WORK TO COMPLETE:
Verbatim copy, images omitted: return the full listing.

INFORMATION SHOWN:

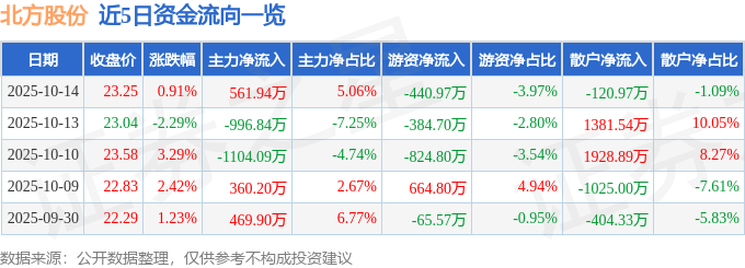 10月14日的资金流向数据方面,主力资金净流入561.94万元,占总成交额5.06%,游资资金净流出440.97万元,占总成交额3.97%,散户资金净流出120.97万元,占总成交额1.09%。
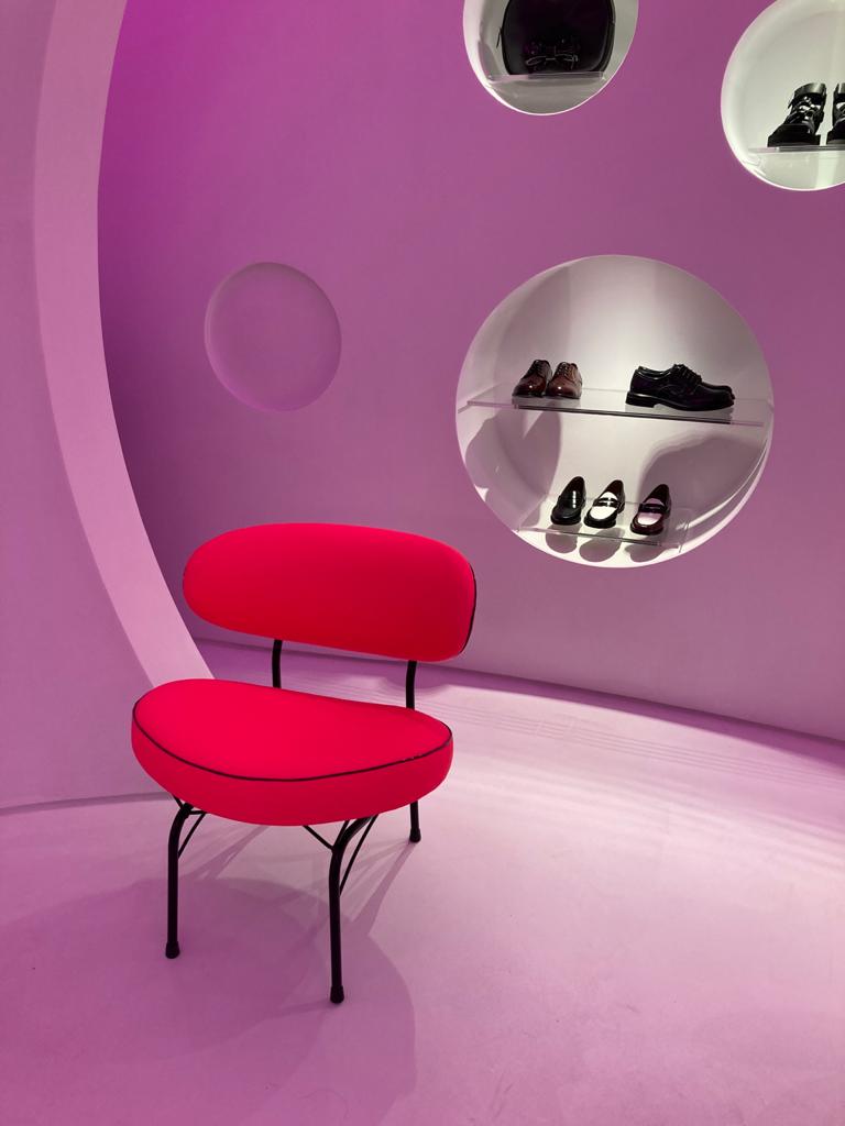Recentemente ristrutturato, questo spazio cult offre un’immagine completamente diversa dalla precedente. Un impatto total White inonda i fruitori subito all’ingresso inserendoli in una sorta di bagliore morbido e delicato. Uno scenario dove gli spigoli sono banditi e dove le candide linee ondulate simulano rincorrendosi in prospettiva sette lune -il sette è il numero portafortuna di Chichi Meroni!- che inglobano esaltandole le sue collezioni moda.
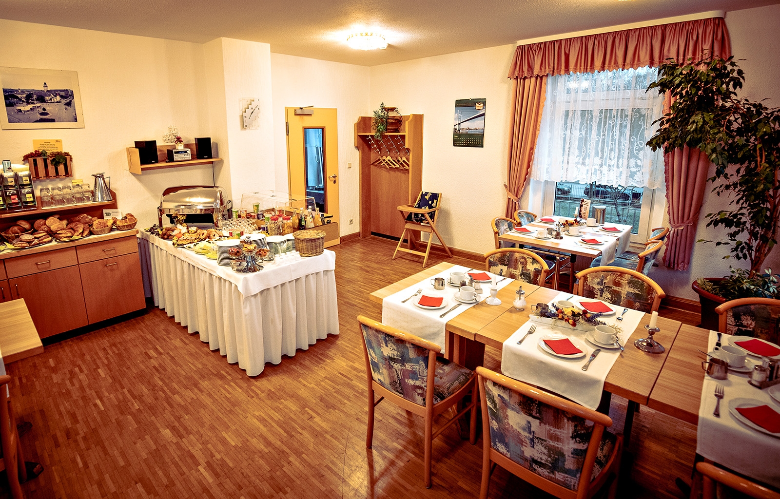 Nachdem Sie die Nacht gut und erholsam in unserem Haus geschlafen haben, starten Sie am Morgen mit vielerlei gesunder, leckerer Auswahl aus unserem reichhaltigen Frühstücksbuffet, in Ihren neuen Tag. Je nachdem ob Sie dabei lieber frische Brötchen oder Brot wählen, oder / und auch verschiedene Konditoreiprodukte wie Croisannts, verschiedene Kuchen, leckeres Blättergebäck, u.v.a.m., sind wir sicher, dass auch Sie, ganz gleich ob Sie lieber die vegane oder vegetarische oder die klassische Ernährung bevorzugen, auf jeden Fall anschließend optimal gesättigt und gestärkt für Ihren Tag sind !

OUTPUT FOR THIS EXERCISE:
 10月14日的资金流向数据方面,主力资金净流入561.94万元,占总成交额5.06%,游资资金净流出440.97万元,占总成交额3.97%,散户资金净流出120.97万元,占总成交额1.09%。
Recentemente ristrutturato, questo spazio cult offre un’immagine completamente diversa dalla precedente. Un impatto total White inonda i fruitori subito all’ingresso inserendoli in una sorta di bagliore morbido e delicato. Uno scenario dove gli spigoli sono banditi e dove le candide linee ondulate simulano rincorrendosi in prospettiva sette lune -il sette è il numero portafortuna di Chichi Meroni!- che inglobano esaltandole le sue collezioni moda.
 Nachdem Sie die Nacht gut und erholsam in unserem Haus geschlafen haben, starten Sie am Morgen mit vielerlei gesunder, leckerer Auswahl aus unserem reichhaltigen Frühstücksbuffet, in Ihren neuen Tag. Je nachdem ob Sie dabei lieber frische Brötchen oder Brot wählen, oder / und auch verschiedene Konditoreiprodukte wie Croisannts, verschiedene Kuchen, leckeres Blättergebäck, u.v.a.m., sind wir sicher, dass auch Sie, ganz gleich ob Sie lieber die vegane oder vegetarische oder die klassische Ernährung bevorzugen, auf jeden Fall anschließend optimal gesättigt und gestärkt für Ihren Tag sind !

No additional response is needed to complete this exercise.